§ **Exercise inputs**:
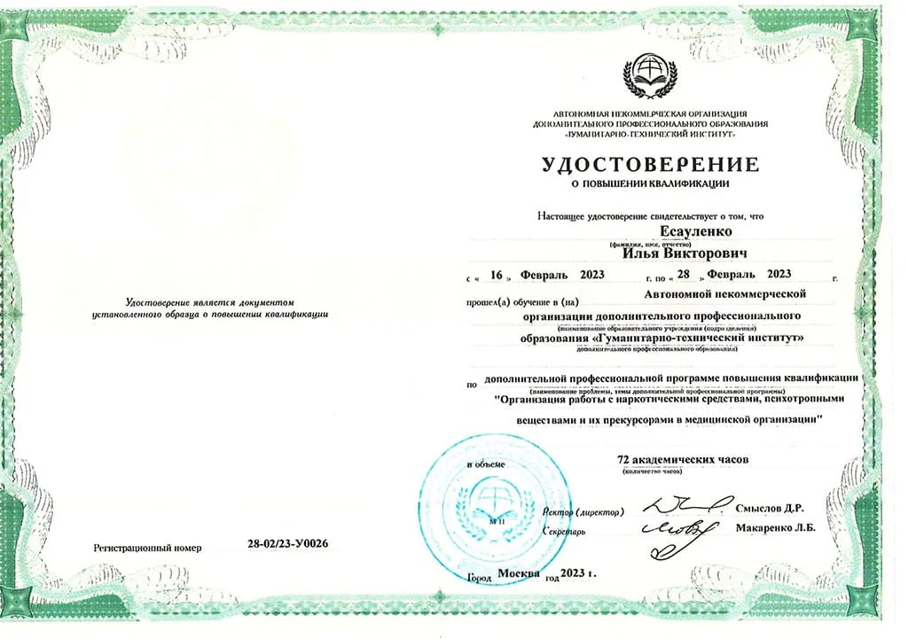 Удостоверение о повышение квалификации по программе "Организация работы с наркотическими средствами, психотропными веществами и их прекурсорами в медицинской организации" 2023 год
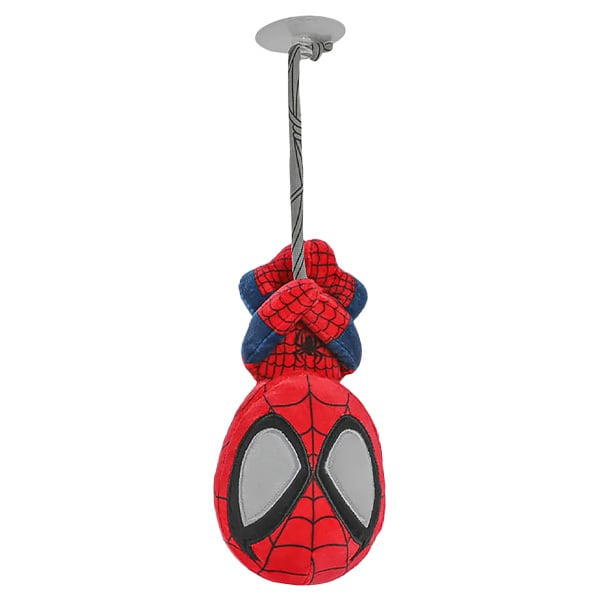 ウェブロープに吸盤が付いており、スパイダーマンの象徴的な逆さまにぶら下がるポーズをとっています。
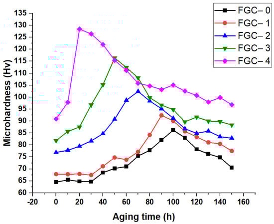 The effect of Y and silica fume particles on the hardening behavior of FGCs aged at 180 °C is illustrated in Figure 13. Generally, the microhardness of various layers based on Mg alloy rises as the aging time goes on (hardening process). The aging curves then show a “softening point,” a turning point for alloy hardness (microhardness reduces with aging time after this point). It is known that the MgAlLi2 is a strengthening phase while the Al–Li is a softening phase. The precipitation of the MgAlLi2 and Mg24Y5 phases causes age hardening. The interaction between the precipitate and the dislocation, which generally includes the Orowan by passing and shearing mechanisms, causes precipitation intensification. Since MgAlLi2 is a metastable phase, it decomposes to the Al–Li phase during the further aging process. Furthermore, the time required to reach maximum microhardness, with the increase in microhardness value, decreases significantly with increasing hybrid reinforcement of the different layers. As the number of matrix-reinforcement interfaces and the amount of reinforcement increase, the aging kinetics of the coatings made of FGCs accelerate. For further clarification, one can note that in the case of FGC-1, age-hardening happens early in the aging process (within 5 h), followed by age-softening. As for FGC-1, 2, 3, and FGC-4, age-hardening occurs in 5, 4, 3, and 1 h, respectively, and then softens with aging. The results show that the hardness increases with increasing aging time until it reaches its maximum at 100 h and then decreases. This aging behavior is due to the formation of the Mg Li2Al precipitation phase during the alloy’s preparation.
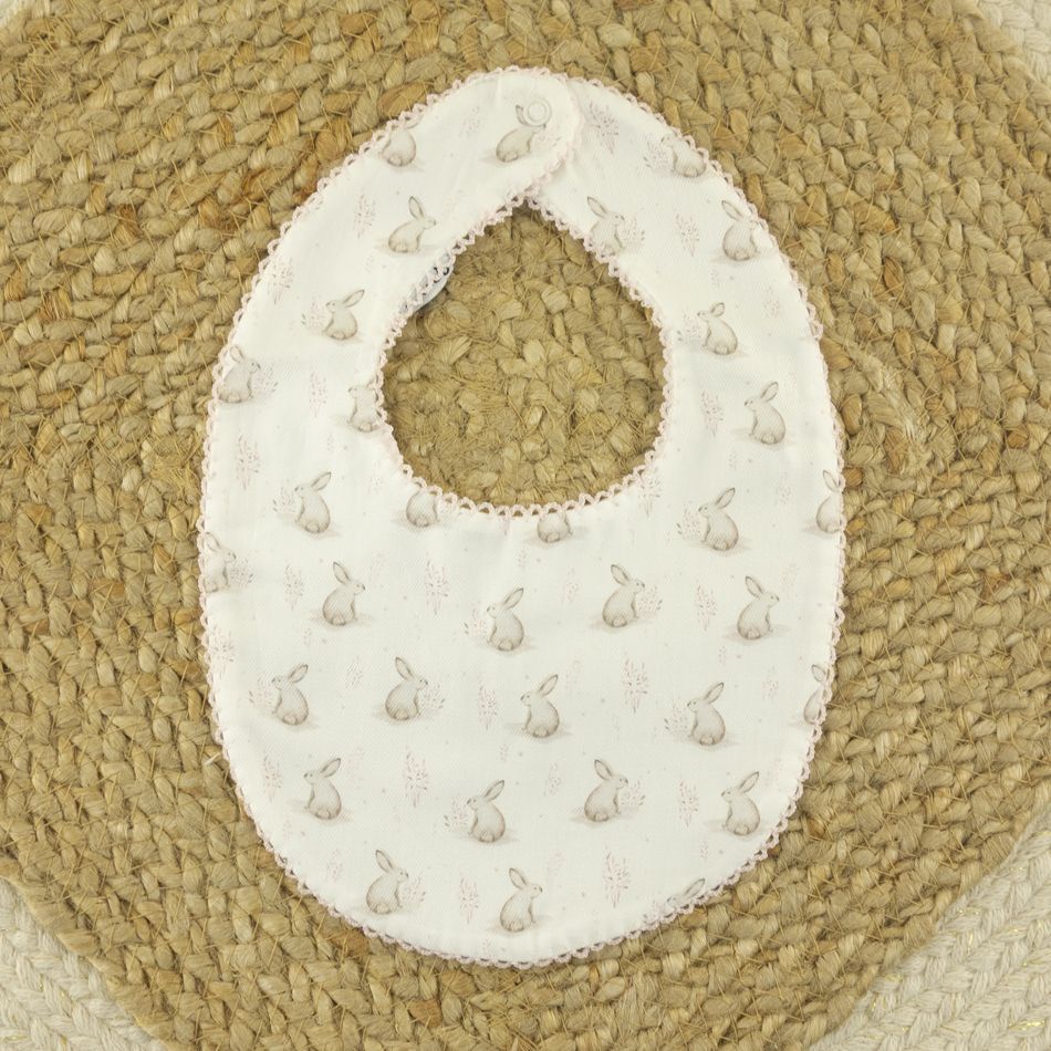 Con un encantador estampado de conejitos en tonos suaves y un delicado ribete rosa, combina funcionalidad y estilo en una sola prenda.
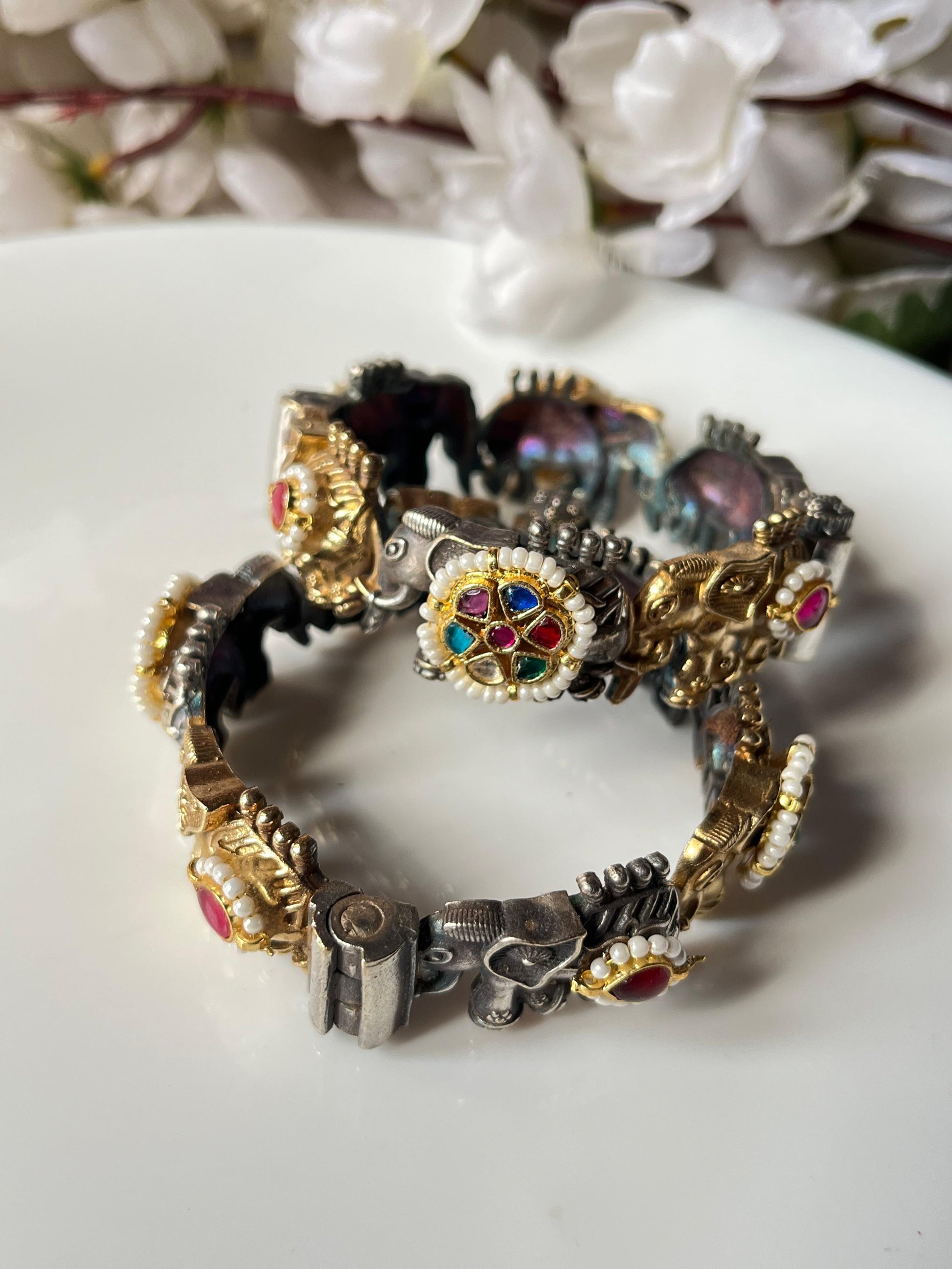 Designed ethnic kada features colorful Kundan stones and pearl accents for a graceful touch.
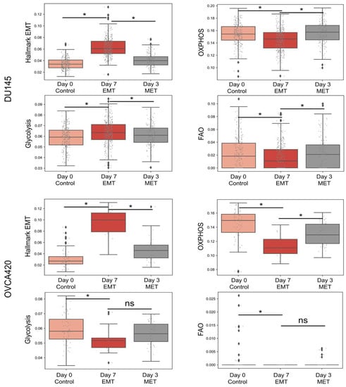 Metabolic signatures in single cell RNA-seq data upon EMT induction. Box plots for ssGSEA scores of hallmark EMT and metabolic signatures—glycolysis, OXPHOS and fatty acid oxidation—at day 0 (untreated) and day 7 (upon TGFβ treatment) and day 3 withdrawal of TGFβ (after 7 day treatment) for different cell lines: (A) DU145 (B) OVCA420. ‘ns’ indicates non-significant (p > 0.05); *: p < 0.05 using a Students’ t-test.
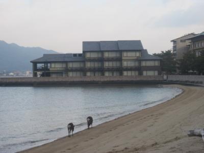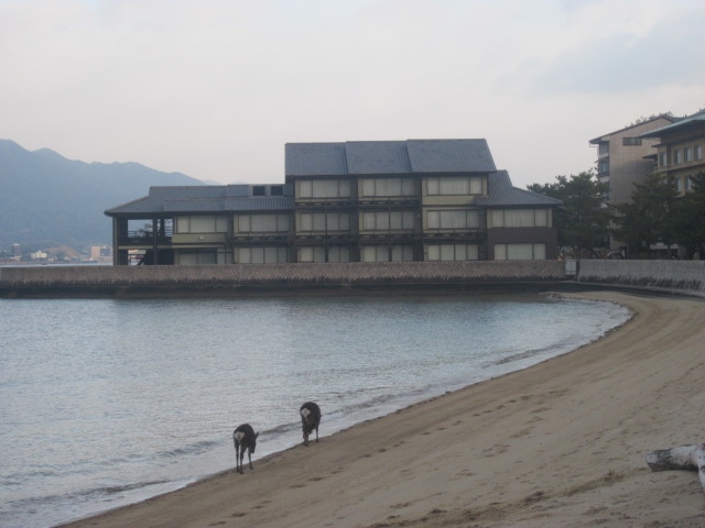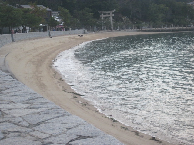 今回は早朝の宮島フェリー(JR)を利用しての宮島観光を楽しみましたが、島に上陸後最初に訪れたのがこちらの浜でした。
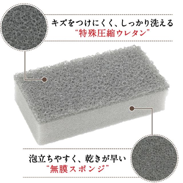 膜なしスポンジを特殊圧縮した、型崩れや変形を起こしにくい丈夫なスポンジです。泡立ちがよく水切れも良いので、乾きやすく衛生的にお使いいただけます。
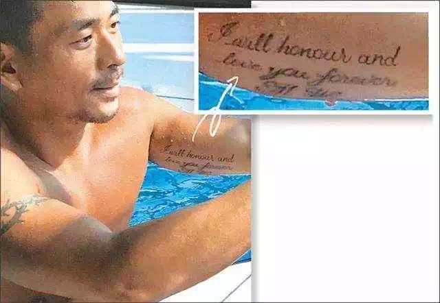 ▲  除了罕见地发声明澄清和松岗李那没关系外,洗米华更是为爱纹身。在左手手臂内侧纹“I will honour and love you forever(我将尊重同爱你到永远)”“M.W”,以M代表Mandy ,W代表Wah(华)。(这么深情的告白,还纹上身,感觉周先生对Mandy是下了一番真功夫的。)
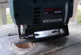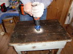 洗面ボールに付いていた排水用のパイプの直径にあわせて穴をあけたところ締め付け用の金具が台にあたり安定しなかったため再度ジグソーで大きい穴をあけなおしました。
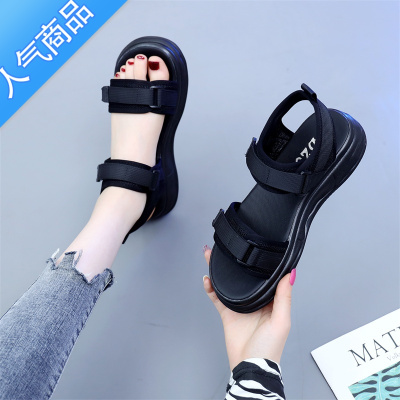 SUNTEK平底运动凉鞋女2023夏新款休闲罗马鞋魔术贴软底大码41黑色沙滩鞋
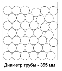 Труба Ø 315Количество труб: 56 шт. Количество, п.м.: 12 п.м. – 672 п.м.; 12,5 п.м. – 700 п.м.; 13 п.м. – 728 п.м. Высота загрузки: 2,52м. Количество рядов: 8 шт. (в рядах по 7 шт.) |
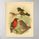 Ilustração de aves Vintage 1910. Pássaros vermelhos, amarelos e pretos sentados em um galho de árvore.
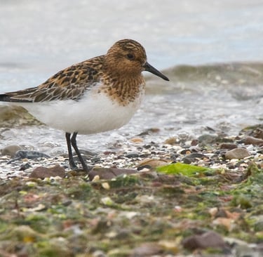 Summer plumaged shorebirds are often brighter colored than during winter. Like this stunning adult male Bar-tailed Godwit feeding in the shore amorg the Phalaropes.
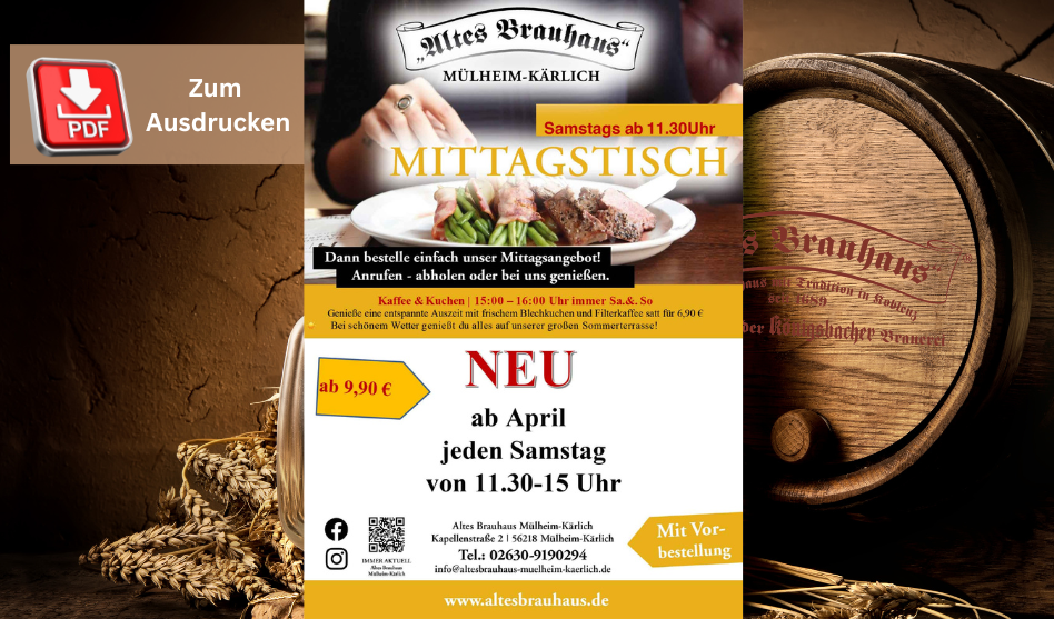Aktionen Aktionskarten als PDF Speisekarte / Menu deutsch | english Debbekoche Öffnungszeiten über Weihnachten und Neujahr Schnitzelbuffet Flugente Hausgemachte Brauhaus-Limonade Kaffee & Kuchen Gänseessen Mittagstisch Aktionskarte Wandern Mülheim-Kärlich 2023 als PDF-Download Ausrichtung eines Beerdigungskaffees als PDF-Download alle Preisangaben ohne Gewähr
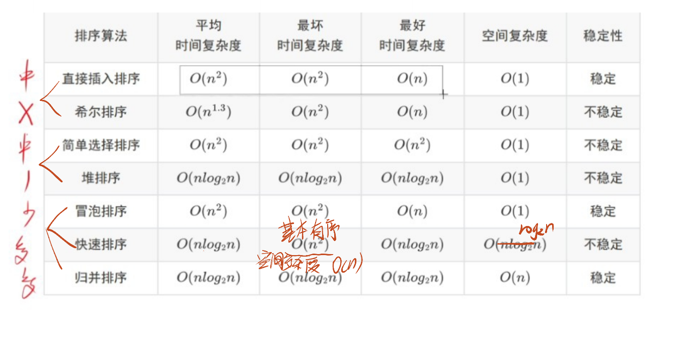 - 空间复杂度:算法所需额外存储空间,真题常考 “原地排序”(O (1),如堆排序)与 “非原地排序”(O (n),如归并排序)。
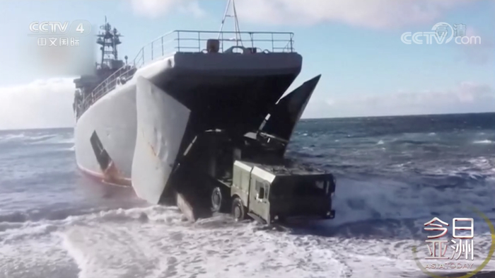 一台台搭载着导弹发射装置的车辆从大型登陆舰内驶出,前往部署阵地——当地时间12月2日,俄罗斯东部军区宣布,在位于千岛群岛中的马图阿岛上首次完成了“棱堡”反舰导弹系统的部署。
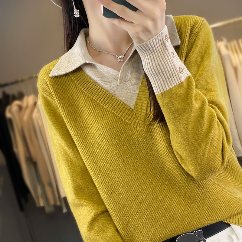 ⭐小红书推荐⭐假两件羊毛衫 女春季 POLO领拼色洋气打底毛衣套头宽松针织羊绒衫,所属毛针织衫分类,由淘宝网挑选推荐!小红书抖音网红同款!哪里有卖假两件羊毛衫 女春季 POLO领拼色洋气打底毛衣套头宽松针织羊绒衫和多少钱质量怎么样✅。
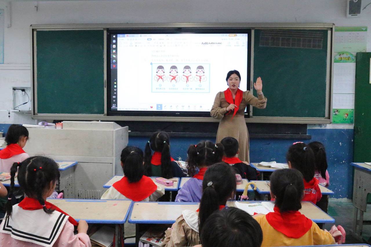 ~ 各班辅导员老师以“六知六会”为重点,通过课件展示、讲故事、现场示范等学生喜欢的方式,向学生讲解少先队的基本知识,让学生知道少先队的队名、创立者和领导者、队旗的含义、队徽的含义、少先队员的标志、少先队的作风等,使学生明白如何戴红领巾、敬队礼、呼号、宣誓,以及如何写入队申请等,培养他们对少先队的情感。通过班队会课,预备小队员们学习了如何系红领巾、敬队礼。规范的培训,让一年级同学们格外激动,认真聆听、用心模仿,兴趣高涨,一双双亮闪闪的眼睛渴望着成为一名合格的少先队队员。
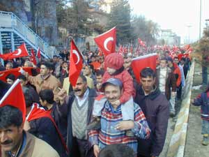 bu haberi okurken gözüme şu yazı takıldı körtler bayrağı ayakar altında almış bu bayrak hepimizin ve şehitlerimizin ama bunu yapan kendilerini pilir bir propaganda olduğuna inanı yorum ve bunu yapan çocuk:diyor ki:bize bayrakları takım elbiseli biri leri verdi ,aca bunlar kimdir bunu n bilincinde olalım :ayrıca bunu yapan çocuklar :biri:DEHAPlı biriside MHP li olduğu söyleniyor size düşen bunu biraz mantıklı bakmanız saygılarım la
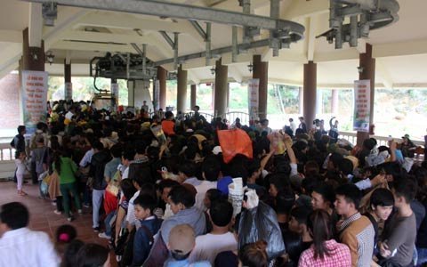 Do lượng du khách đổ về quá đông nên đã gây ra tình trạng ách tắc cục bộ, đặc biệt tại khu cáp treo. Khoảng 10h sáng, BQL khu di tích đã buộc phải thông báo tạm thời ngừng bán vé để giải quyết tình trạng ách tắc.
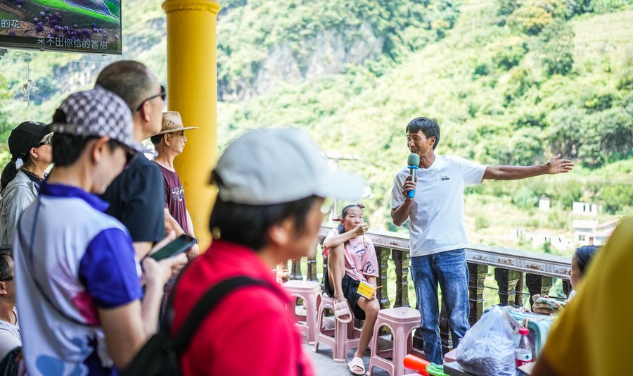 Ma Xuanjun talks about the Beipanjiang Bridge and his hometown to tourists in Longjing Village of Liupanshui City, southwest China's Guizhou Province, Aug. 16, 2023.
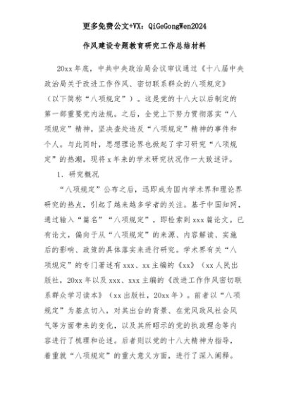 【七哥公文】2025年:作风建设专题教育研究工作总结材料+更多免费公文+VX:QiGeGongWen2024+更多免费公文+VX:QiGeGongWen2024
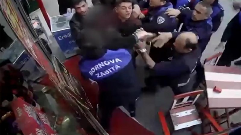 İzmir'de kaldırımı işgal ettiği ileri sürülen esnaf ile zabıtaların kavgası güvenlik kamerasına yansıdı.
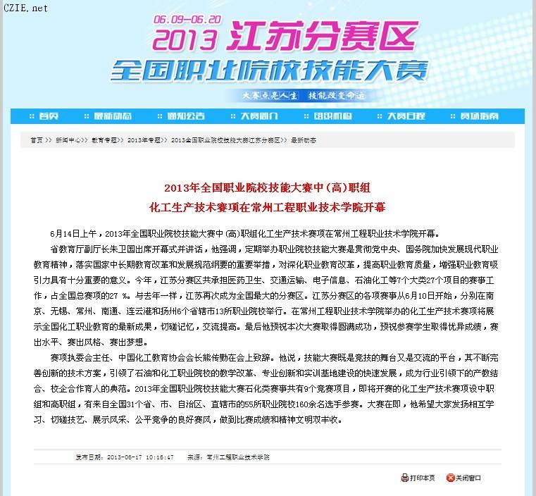 6月14日上午,2013年全国职业院校技能大赛中(高)职组化工生产技术赛项在常州工程职业技术学院开幕。
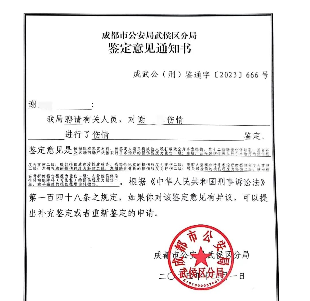5月26日,《南方都市報》報道稱,此前媒體報道的“成都女子謝某2年被家暴16次”案件迎來重要進(jìn)展,謝某訴丈夫賀某離婚糾紛案將于5月31日在四川省成都市武侯區(qū)人民法院開庭審理。據(jù)悉,自2021年以來,謝某在與賀某結(jié)婚后的兩年內(nèi)被家暴了16次。期間,她多次向婦聯(lián)、社區(qū)等部門尋求幫助,警方曾兩次出具家庭暴力告誡書,但賀某拒不改正。2023年4月24日,謝某向武侯區(qū)法院提交了人身保護(hù)令和離婚申請,因手續(xù)不全未被法院受理。當(dāng)晚,賀某再次對謝某施暴致其重傷,導(dǎo)致謝某需終身佩戴糞袋。案發(fā)后,賀某被當(dāng)?shù)毓矙C(jī)關(guān)刑事拘留。2023年12月,武侯區(qū)檢察院以賀某涉嫌故意傷害罪、虐待罪向武侯區(qū)法院提起公訴,謝某則希望以故意殺人罪立案判處其死刑。

§ **Instructions for the task**: Set out nothing but the lines from the line with "6月14日上午,2013年全" through the end of the material, reproduced exactly, both ends included, pictures omitted.

§ **Written solution**:
 6月14日上午,2013年全国职业院校技能大赛中(高)职组化工生产技术赛项在常州工程职业技术学院开幕。
5月26日,《南方都市報》報道稱,此前媒體報道的“成都女子謝某2年被家暴16次”案件迎來重要進(jìn)展,謝某訴丈夫賀某離婚糾紛案將于5月31日在四川省成都市武侯區(qū)人民法院開庭審理。據(jù)悉,自2021年以來,謝某在與賀某結(jié)婚后的兩年內(nèi)被家暴了16次。期間,她多次向婦聯(lián)、社區(qū)等部門尋求幫助,警方曾兩次出具家庭暴力告誡書,但賀某拒不改正。2023年4月24日,謝某向武侯區(qū)法院提交了人身保護(hù)令和離婚申請,因手續(xù)不全未被法院受理。當(dāng)晚,賀某再次對謝某施暴致其重傷,導(dǎo)致謝某需終身佩戴糞袋。案發(fā)后,賀某被當(dāng)?shù)毓矙C(jī)關(guān)刑事拘留。2023年12月,武侯區(qū)檢察院以賀某涉嫌故意傷害罪、虐待罪向武侯區(qū)法院提起公訴,謝某則希望以故意殺人罪立案判處其死刑。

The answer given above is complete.